◆ Exercise prompt
Each line below from the "Die Fotografie wurde" line through the "Ο Πέντρο Γκονσάλβες" line, those two included, must be restated word for word; the pictures must not be.

★ ★ ★ ★ ★

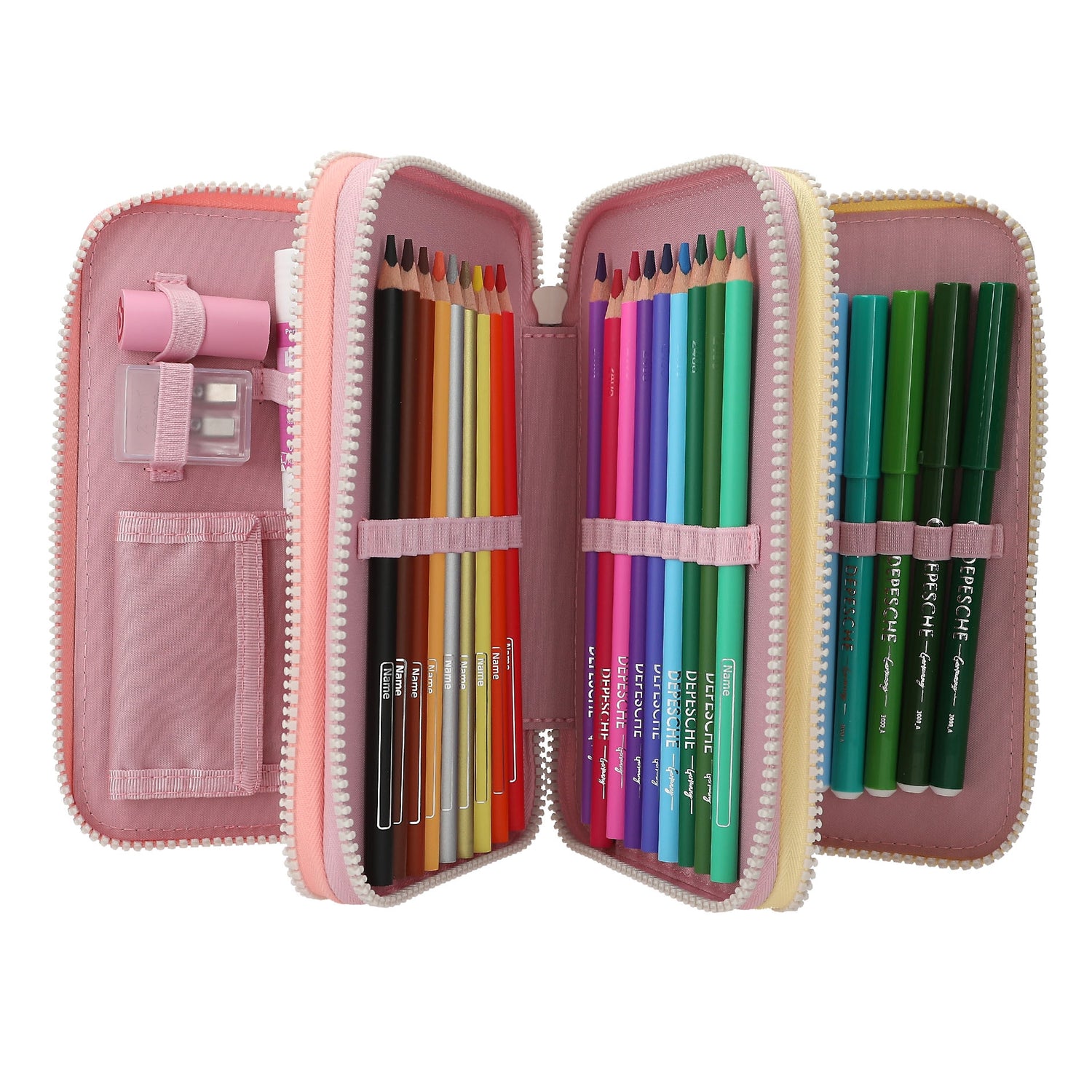 Noch farbenfroher wird es durch die drei verschiedenfarbigen Reißverschlussbänder. Gefüllt ist die 3-Fach-Federtasche mit je 18 Bunt- und Filzstiften,
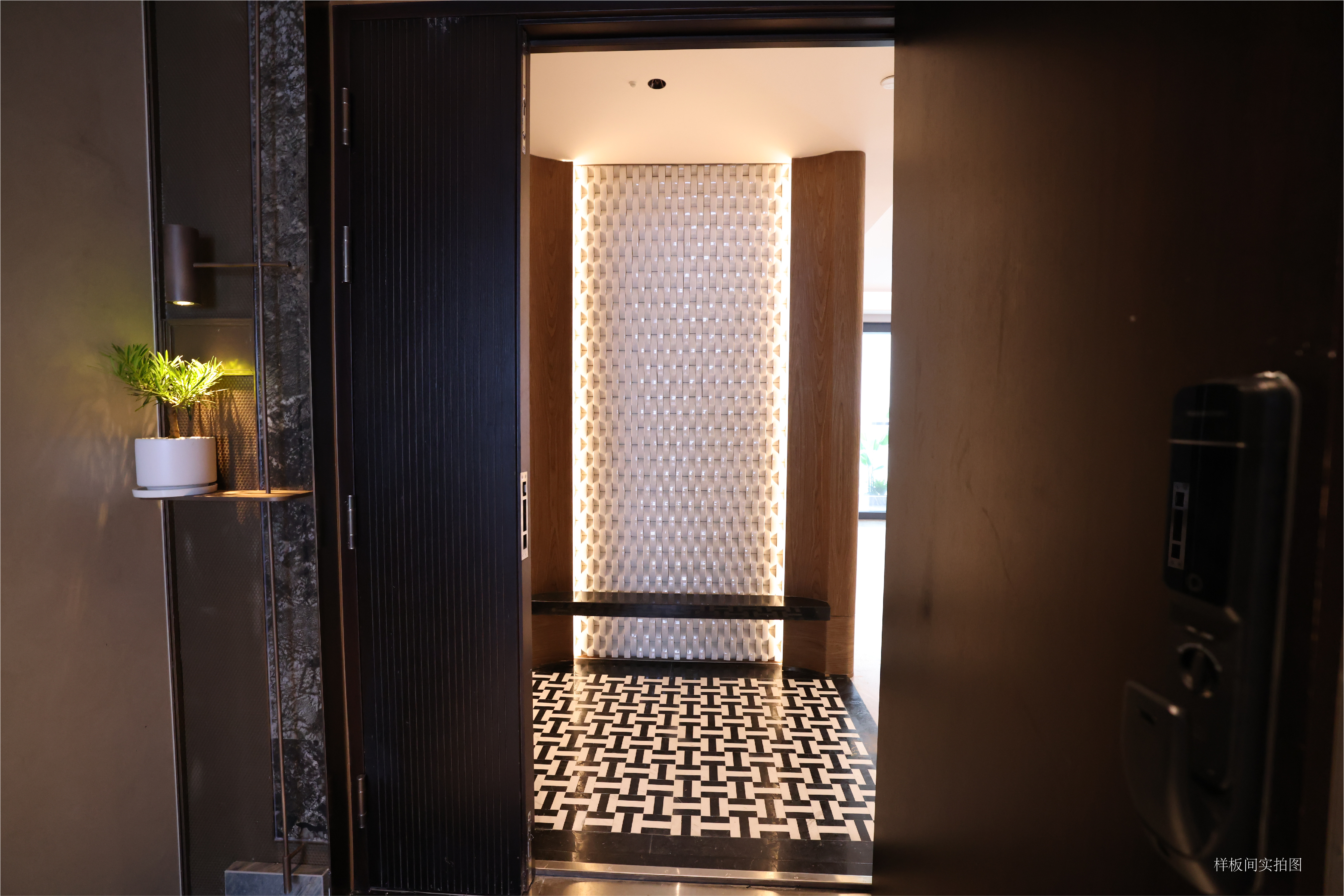 玄关映入眼帘的便是经典的海派风格搭配,以梵静黑与冰岛白为主色的天然石材再通过复杂的水刀切割工艺所形成 的拼花铺装,予人一种步入上世纪老洋房的唯美质感。玄关的陶瓷编织背景 墙,采用中国宋代五大名窑之首的汝窑出品的“汝瓷”,恰有一种“玉润冰清汝瓷韵,花开时节洒青灵”的高雅韵味,冰裂纹质感在灯光的映射下流光四溢,让归家也成为一种礼遇。
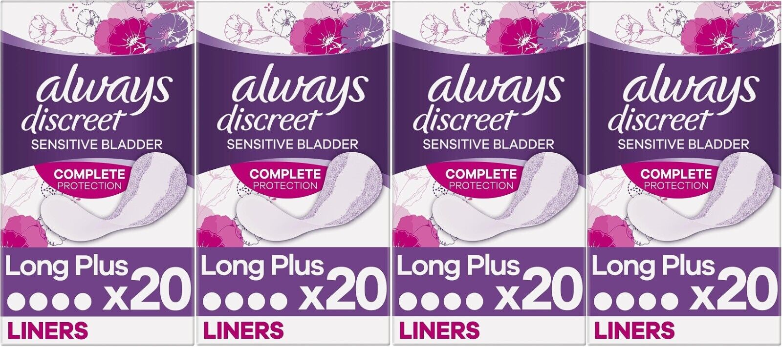 Always Discreet Incontinence Liners Women Long Plus 20 Panty Liners, (Pack of 4) Lock in Leaks and Odours, for Sensitive Bladder
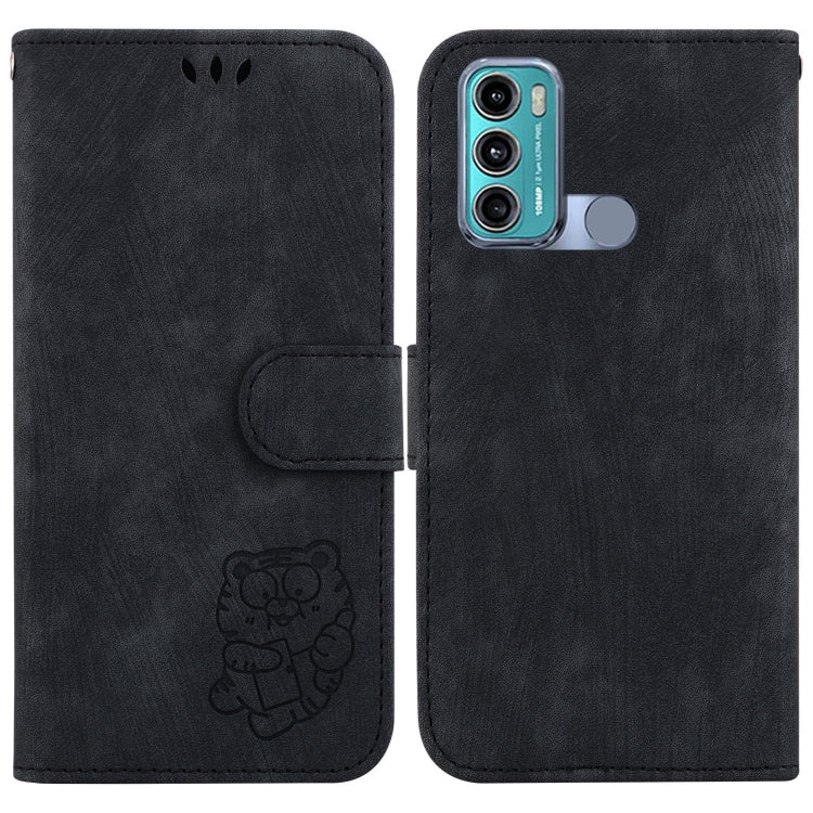 Funda de Cuero para Motorola Moto G60 y G40 Fusion Little Tiger en Relieve (Negro)
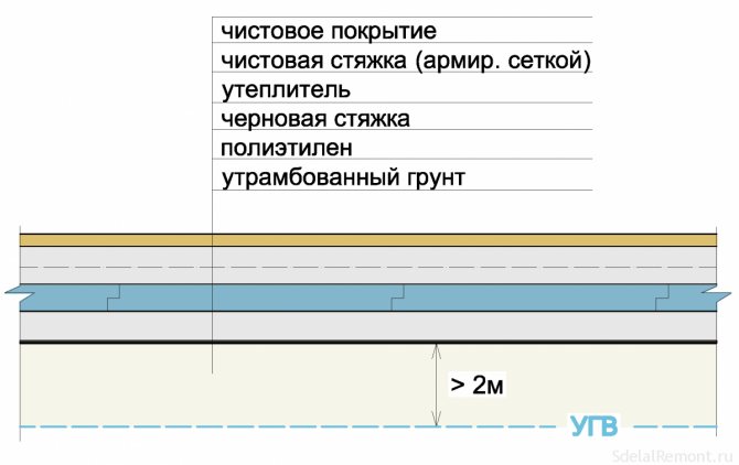 Първият слой се извършва върху грубата основа. Използва се главно за създаване на равна повърхност за последващо полагане на материали. По принцип този слой е подходящ за всички повърхности, които имат дори незначителни ефекти. Вместо груб слой за изолация може да се използва подова плоча или почва, подготвена по всички правила.
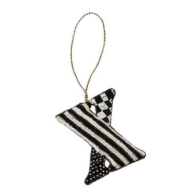 Give the Christmas tree your distinct style with this monogram ornament done entirely in black and white beads that hangs from a golden cord. Perfect for the tree, of course, and also terrific for embellishing packages, place settings, and more.
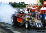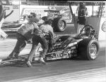 I think that was at the 3rd annual Funny Car Reunion, held at Englishtown. If I remember right, we took a couple of pistons out at around 4 seconds into the run. Actual carnage would have started when the switch was flipped, so would have been down on power from the get go.
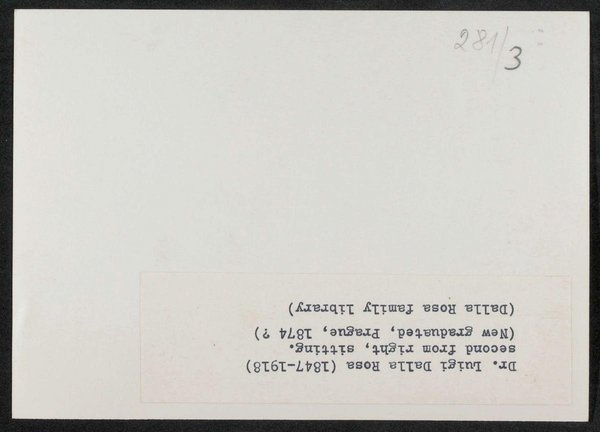 Die Fotografie wurde um 1874 in Prag angefertigt. Das Original befand sich zum Zeitpunkt der Entstehung der Kopie in Familienbesitz. Neg. III. 144/3
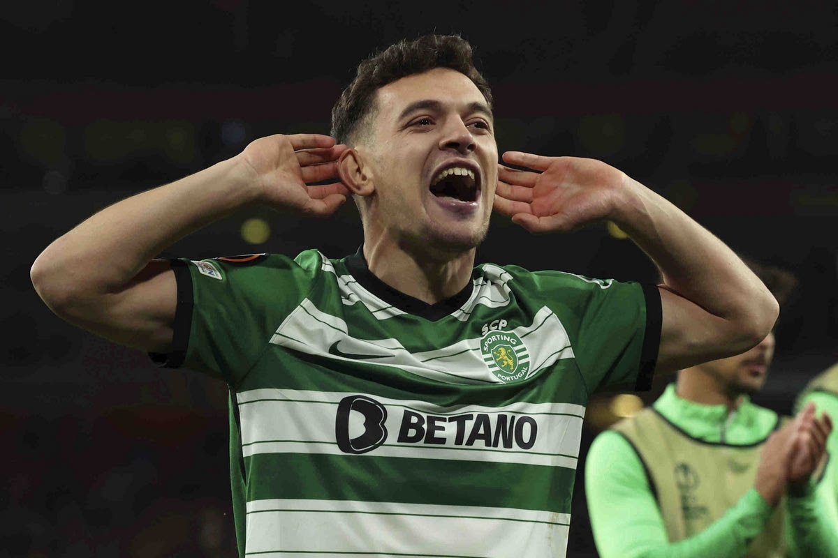 Ο Πέντρο Γκονσάλβες της Σπόρτινγκ πανηγυρίζει την πρόκριση εις βάρος της Άρσεναλ από τη φάση των 16 του Europa League στο "Έμιρεϊτς", Λονδίνο | Πέμπτη 16 Μαρτίου 2023 © 2023/Ian Walton/AP IMAGES
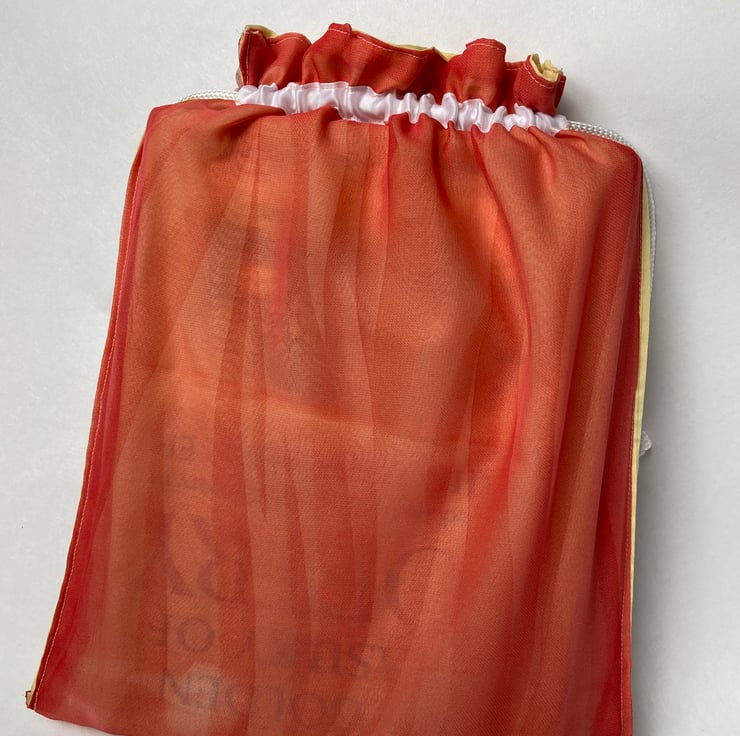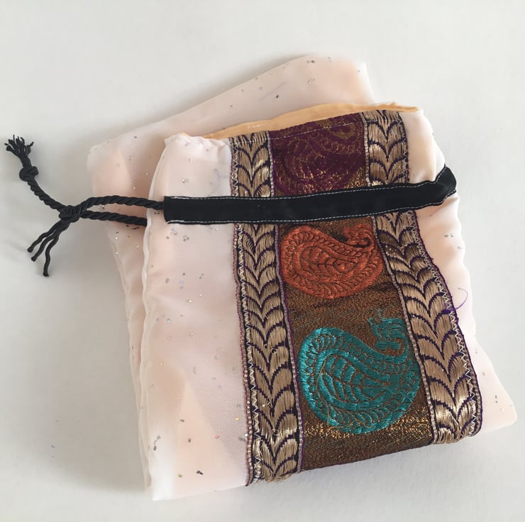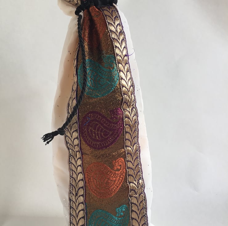 A cream bottle-sized drawstring bag, decorated with gorgeous brocade and lined with pale yellow lining. A normal sized bottle of wine or spirits will fit in it beautifully or you can use it for any appropriately shaped gift. It measures approximately 14 x 38cm.
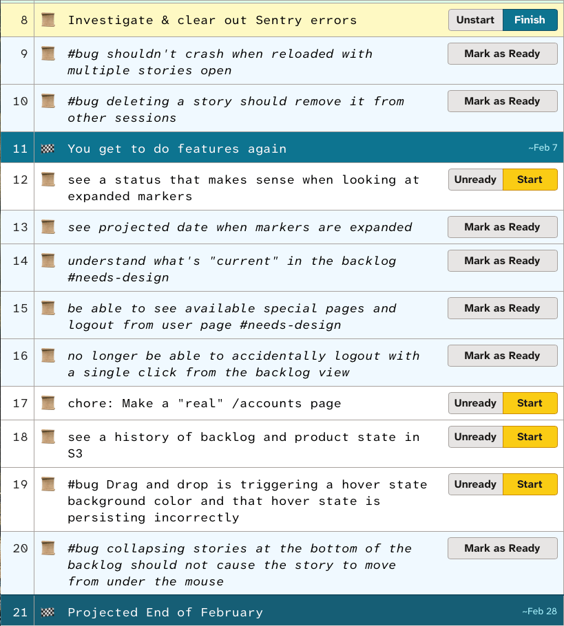 The biggest piece of work there is “understand what’s ‘current’ in the backlog.’” What we’re trying to do here is make the backlog more comprehensible “at a glance” to someone who was used to reading Tracker backlog status. (This is something that, bafflingly, no project tracking software we’re aware of delivers. They all either make the story cards themselves so large that you can’t see everything a team is working on at once, or make projects so customizable that you can’t understand a project without understanding the details of how that particular project works. These tools tend to assume that outside stakeholders want to view projects via statistics, which can often only answer questions you thought to ask in advance.)

★ ★ ★ ★ ★

◆ Written answer
 Die Fotografie wurde um 1874 in Prag angefertigt. Das Original befand sich zum Zeitpunkt der Entstehung der Kopie in Familienbesitz. Neg. III. 144/3
 Ο Πέντρο Γκονσάλβες της Σπόρτινγκ πανηγυρίζει την πρόκριση εις βάρος της Άρσεναλ από τη φάση των 16 του Europa League στο "Έμιρεϊτς", Λονδίνο | Πέμπτη 16 Μαρτίου 2023 © 2023/Ian Walton/AP IMAGES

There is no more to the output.